A strong body of STS scholarship has begun to question the speculative and controversial proposal that geoengineering Earth's climate might be a good idea. This panel aims at exploring areas of inquiry that STS is yet to tackle.

Long Abstract:

Existing STS scholarship seeks to open up geoengineering to deliberation by a broader set of publics, expose and question dominant framings, and examine public discourses and sense-making. We welcome contributions that extend and transcend existing lines of inquiry, for example in the following areas:

Techno-fixes rely on a particular problem diagnosis. How are geoengineering research and governance co-produced with knowledge of climate futures?

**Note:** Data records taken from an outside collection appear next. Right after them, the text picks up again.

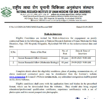 Walk-in Interview for the post of Senior Research Fellow (Unani), National Research Institute of Unani Medicine for Skin Disorders, Hyderabad.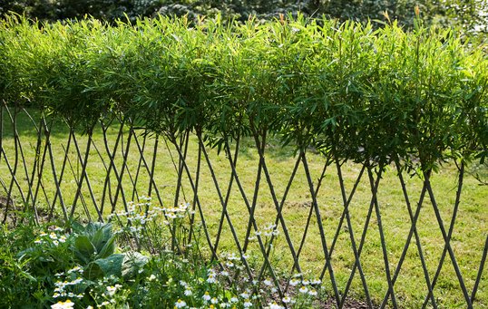 Hegn og espalier med hindbær, brombær, ærter bønner eller frugttræer er velegnede til at skabe rum og oplevelser i haven. Brug fx hegn og espalier på en måde, så det ikke er muligt at overskue hele haven på en gang, og du derfor bliver overrasket af noget nyt, når du bevæger dig rundt i haven.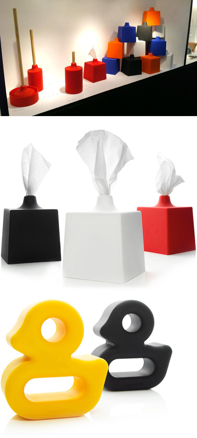 Also fun on the Kontextur site is the Duck Harry which functions as a toothbrush/toothpaste holder, or alternatively as a doorstop. I think it would be fun right by the bathtub as well; an updated rubber ducky.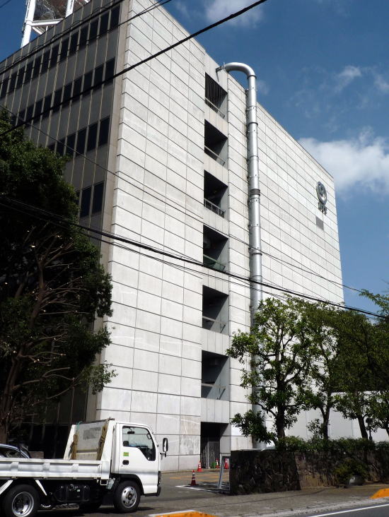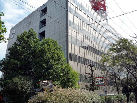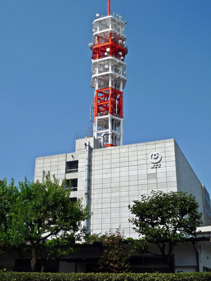六角形の大鉄塔が特徴的な電話局。

How are geoengineering technologies endowed with attributes that allow for cost-benefit-calculations, estimations of effectiveness and side-effects, and prognoses of harms? How do geoengineering futures come to be known, and how do they highlight some uncertainties while obfuscating others?

A founding myth of the current wave of geoengineering research is that the scientific community shied away from geoengineering until Paul Crutzen "broke the taboo" in 2006. Today, one frequently encounters claims that it is impossible to clearly distinguish between climate science and geoengineering research, and that restrictive governance of geoengineering research would therefore unduly restrict climate science. How do such dynamics of normalization affect the field and its political handling?

Geoengineering does not promise salvation from disease or hunger—its seductive power stems from a sense that the future could be made somewhat less catastrophic than expected. How does this economy of promises shape scientific and political discourses? Which threatened populations are promised protection, and how? How are these promises made sense of by those whom they posit as beneficiaries? Is STS research itself contributing to a stabilization of contentious definitions and a normalization of speculative promises?